What the task requires:
Copy, exactly as written, the lines that begin at the one containing "A. E. Waite's" and end at the one containing "투자 의견은 중립을 유지하고". Skip any pictures in the data below.

Task input:
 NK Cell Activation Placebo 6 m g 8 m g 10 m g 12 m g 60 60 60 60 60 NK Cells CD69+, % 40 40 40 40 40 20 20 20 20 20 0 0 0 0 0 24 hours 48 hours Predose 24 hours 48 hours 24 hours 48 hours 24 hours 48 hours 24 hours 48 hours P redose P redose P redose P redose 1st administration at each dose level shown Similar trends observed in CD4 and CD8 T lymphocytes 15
---
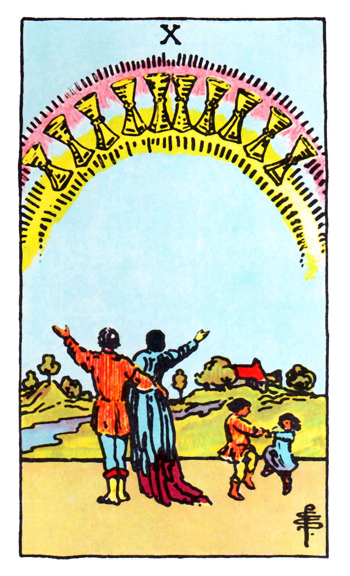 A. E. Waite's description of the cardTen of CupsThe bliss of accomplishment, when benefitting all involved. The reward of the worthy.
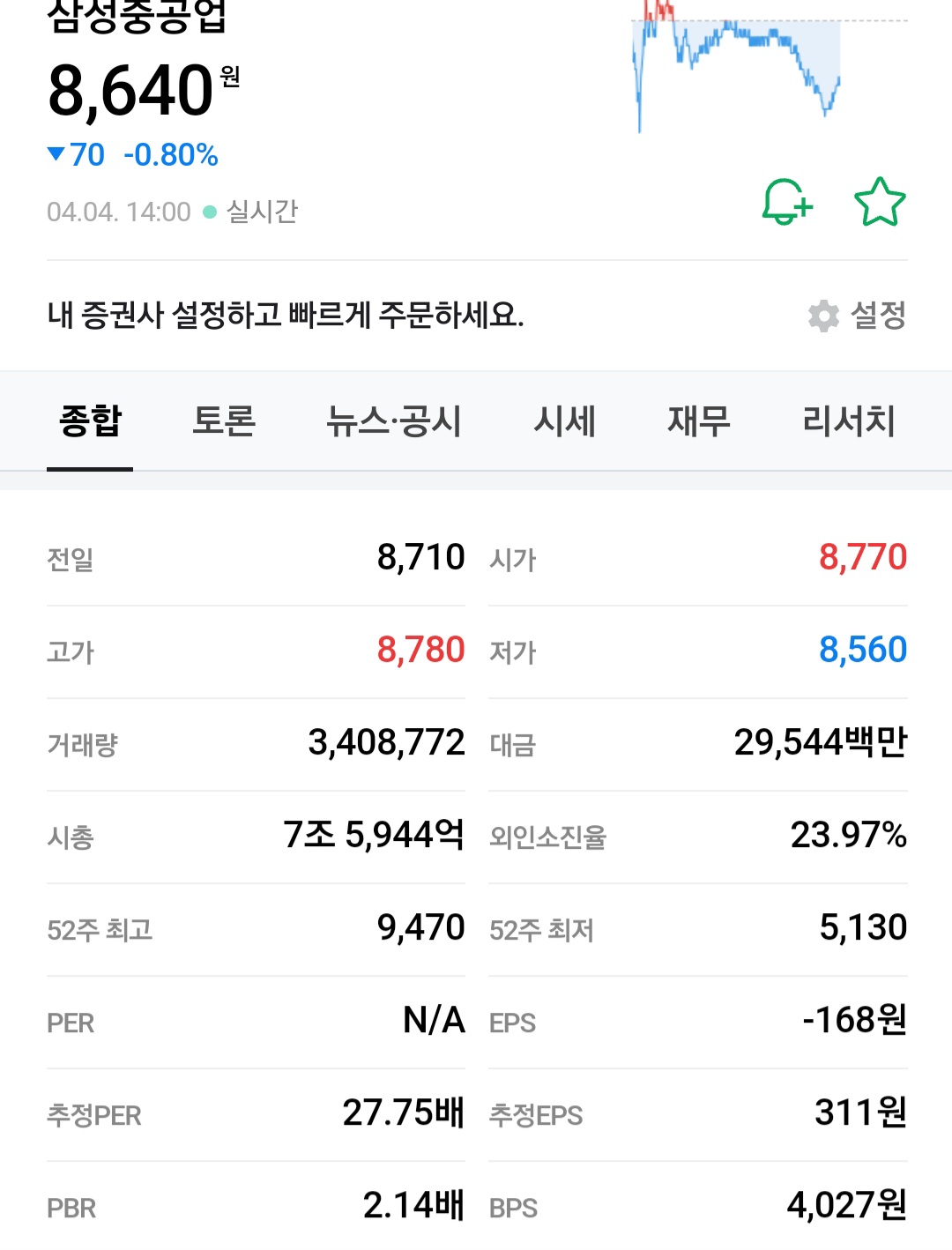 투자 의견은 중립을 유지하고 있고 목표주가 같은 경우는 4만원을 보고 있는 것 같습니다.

Exercise output:
 A. E. Waite's description of the cardTen of CupsThe bliss of accomplishment, when benefitting all involved. The reward of the worthy.
 투자 의견은 중립을 유지하고 있고 목표주가 같은 경우는 4만원을 보고 있는 것 같습니다.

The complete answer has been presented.